The passerine birds of the genus Aphelocoma include the scrub jays and their relatives. They are New World jays found in Mexico, western Central America and the western United States, with an outlying population in Florida. This genus belongs to the group of New World (or "blue") jays–possibly a distinct subfamily–which is not closely related to other jays, magpies or treepies. They live in open pine-oak forests, chaparral, and mixed evergreen forests.

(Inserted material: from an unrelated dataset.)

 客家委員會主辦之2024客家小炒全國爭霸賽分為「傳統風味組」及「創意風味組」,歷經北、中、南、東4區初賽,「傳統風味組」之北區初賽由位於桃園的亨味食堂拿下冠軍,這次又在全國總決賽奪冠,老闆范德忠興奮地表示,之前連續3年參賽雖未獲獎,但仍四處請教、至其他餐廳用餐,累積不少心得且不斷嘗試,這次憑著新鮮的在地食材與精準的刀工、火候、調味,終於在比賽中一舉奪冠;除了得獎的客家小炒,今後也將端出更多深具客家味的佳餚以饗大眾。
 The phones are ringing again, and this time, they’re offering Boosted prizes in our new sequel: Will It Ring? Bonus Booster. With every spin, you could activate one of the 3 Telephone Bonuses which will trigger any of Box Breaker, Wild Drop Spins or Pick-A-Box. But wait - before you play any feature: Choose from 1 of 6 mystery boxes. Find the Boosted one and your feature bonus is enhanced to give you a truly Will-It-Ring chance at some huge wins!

Seven species of Aphelocoma are generally recognized currently. They are believed to have evolved in the Pleistocene, and the Florida species is known to have been recognizably distinct and present in its current range for at least 2 million years. The inland, coastal, and Santa Cruz island populations of the (former) western scrub jay are now considered three distinct species, namely Woodhouse's, the California and the island scrub jays. Two different populations of the Mexican jay might similarly represent two distinct species.
mtDNA NADH dehydrogenase subunit 2 sequence data is unable to properly resolve the relationships of the species. Judging from New World jay biogeography, the unicolored or Mexican jays might represent the most basal lineage; morphology would tentatively lean towards the latter which retains more of the group's color patterns, while the available molecular data allows no robust conclusions whatsoever. In any case, the data of Rice et al. (2003) suggests – albeit also with very low confidence – that the Mexican jay comprises two clades which might constitute two different species. However, far too few individuals have been sampled to say anything definite on that matter, except that the lineages – if they indeed exist – do not correspond to the geographical pattern of intraspecific variation (see species article for more).

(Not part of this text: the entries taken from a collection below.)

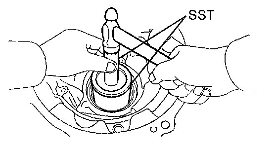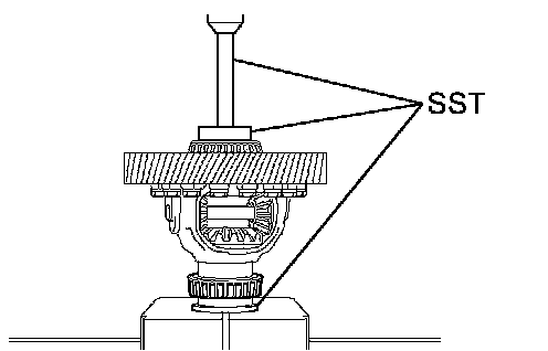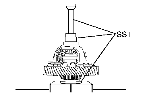 (d) Using SST, turn the differential assembly right and left 2 or 3 times to settle the bearing.
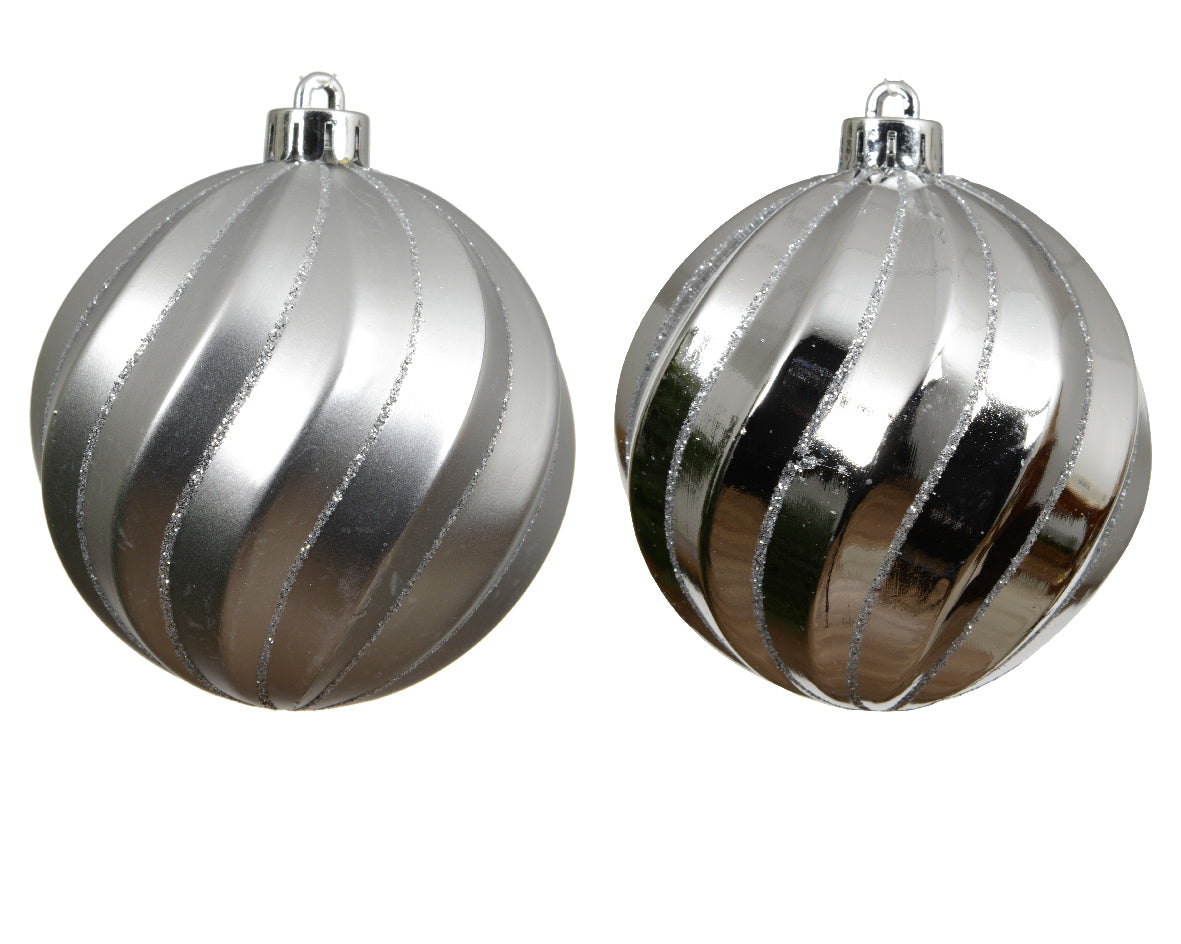 Set da 6 palline natalizie color argento in plastica infrangibile, Ø 8 cm, finiture miste lucido e opaco. Include filo per appendere. Perfette per un albero elegante e sicuro.
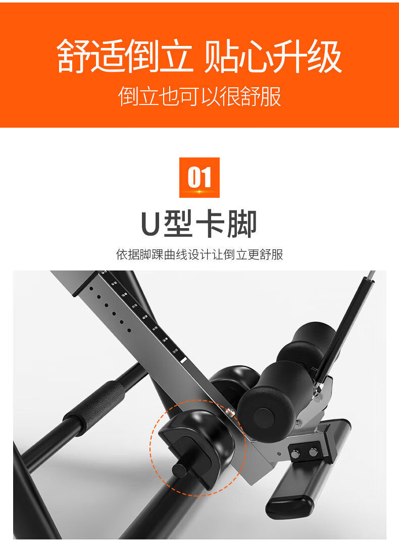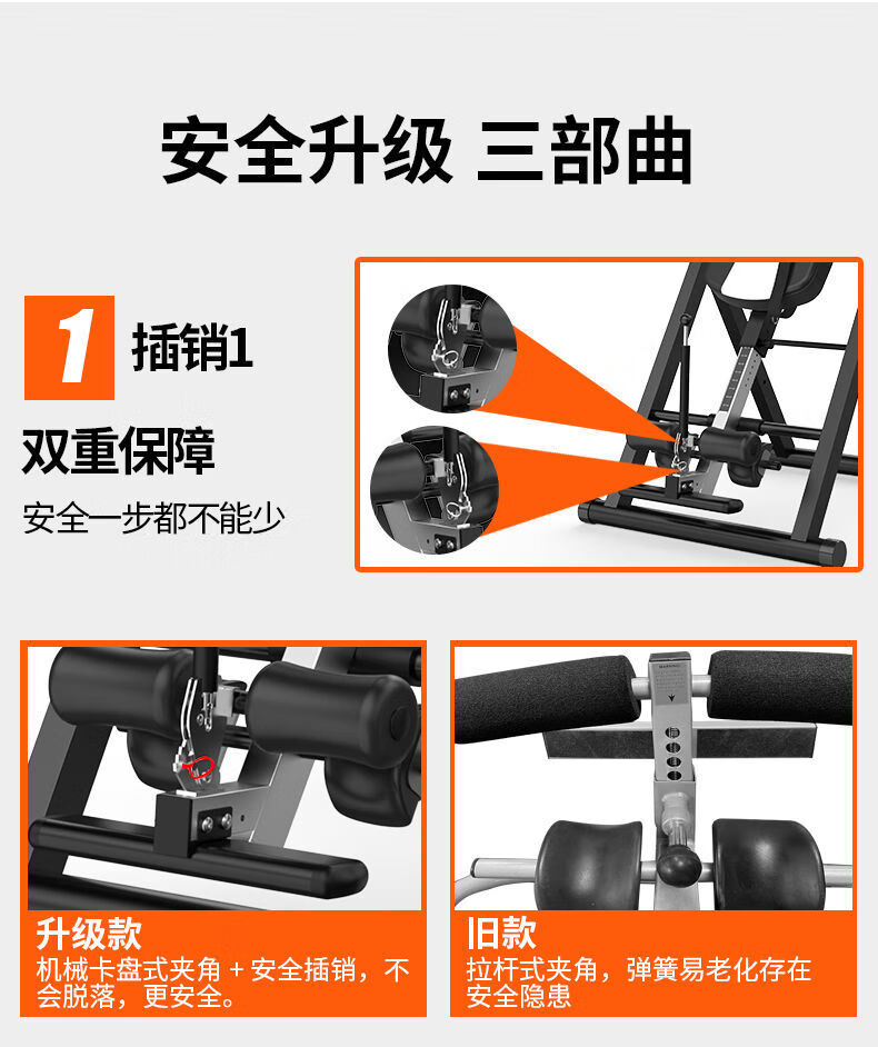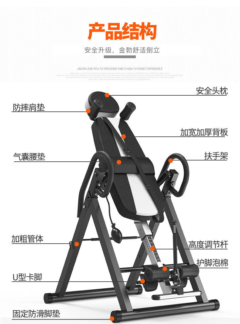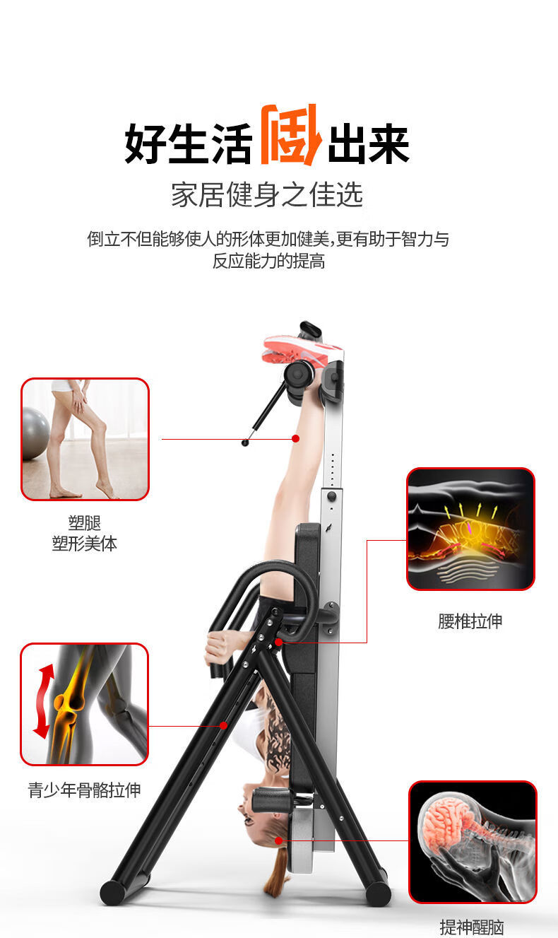 惠旗鹿倒立神器家用健身器材倒立机身高拉伸倒挂辅助长高腰椎牵引倒立器 黑红舒适款+4U形卡脚+气囊腰垫+
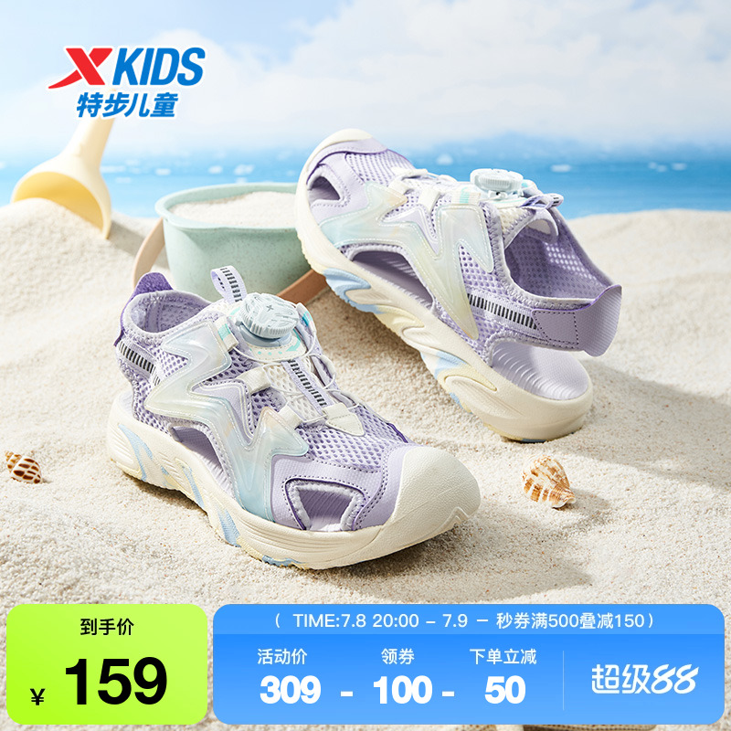 特步童鞋夏季款中大童網面透氣兒童包頭涼鞋女童旋鈕扣耐磨沙灘鞋

The western scrub jay is now made up of three species. These would be separated by the Great Basin, with the Pacific coastal lineage (California scrub jay) and the island scrub jay, as well as the inland lineage (Woodhouse's scrub jay), with the Florida scrub jay being a sister species. This treatment fails to address the problem of birds from inland southern Mexico. Nonetheless, it is actually because the molecular diversity pattern is so badly resolved that it supports the view that rapid Late Pliocene radiation of the North American scrub jays led to the present diversity. Studies on the evolutionary history of Aphelocoma jays suggests that all New World jays originated in North America or Mesoamerica.

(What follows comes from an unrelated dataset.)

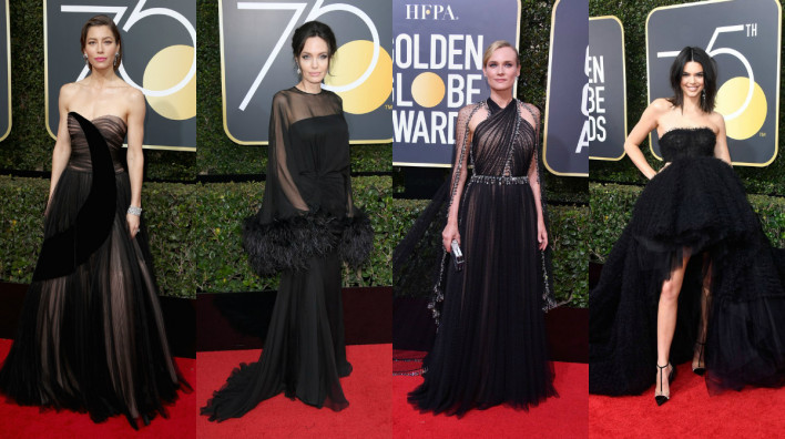 «Ոսկե Գլոբուս»-ի կարմիր գորգը «երազանքների զգեստի» մարաթոն է հիշեցնում, բայց այս տարի այն տարբերվում էր նախորդներից: 75-րդ մրցանակաբաշխությանը ներկա կանանց մեծամասնությունն ընտրել էր սև զգեստ՝ որպես բողոք սեքսուալ ոտնձգությունների և տղամարդկանց ամենաթողության:
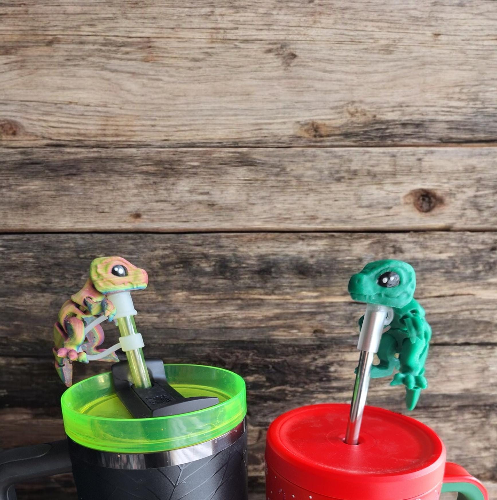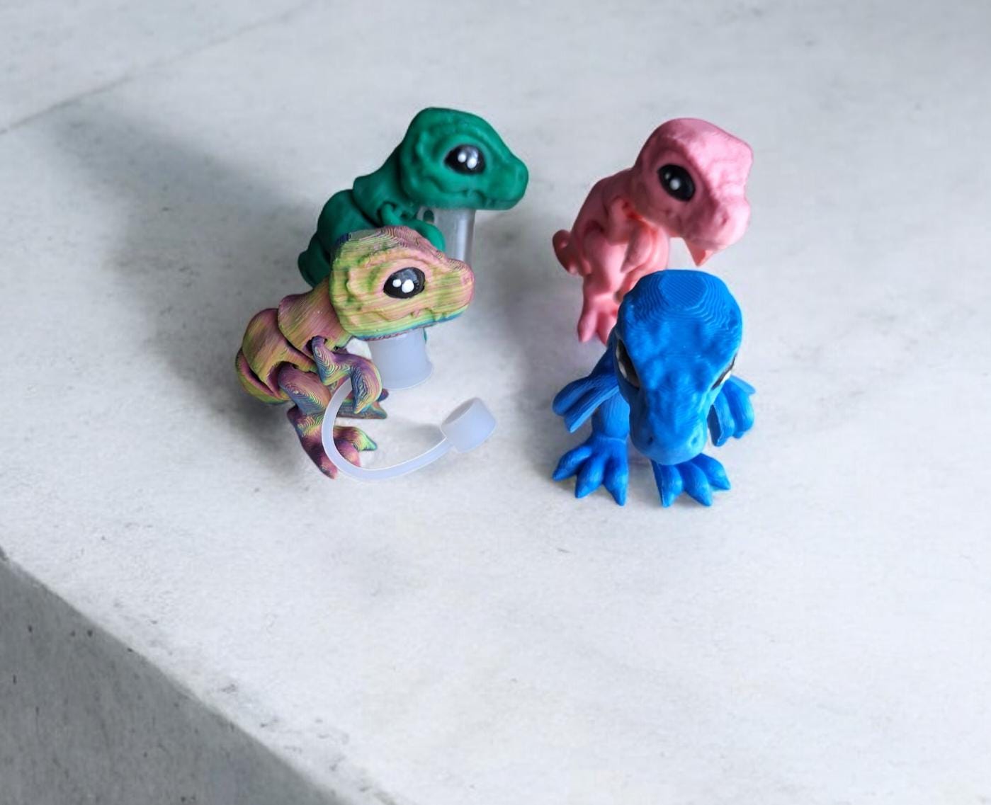 3D articulated cute assorted tiny t-rex straw cap / 3d printed t rex animals / trex dinosaur dino topper cover Fidget figurines

Aphelocoma jays are slightly larger than the blue jay and differ in having a longer tail, slightly shorter, more rounded wings, and no crest on the head. The top of the head, nape, and sides of the head are a rich deep blue. Some species have a white stripe above the eye and dark ear coverts. The breast is also white or grey-white and the back is a grey-brown contrasting with the bright blue tail and wings in most species. One species, the unicolored jay, is blue all over, superficially similar to the pinyon jay from much further north. The bill, legs, and feet are black.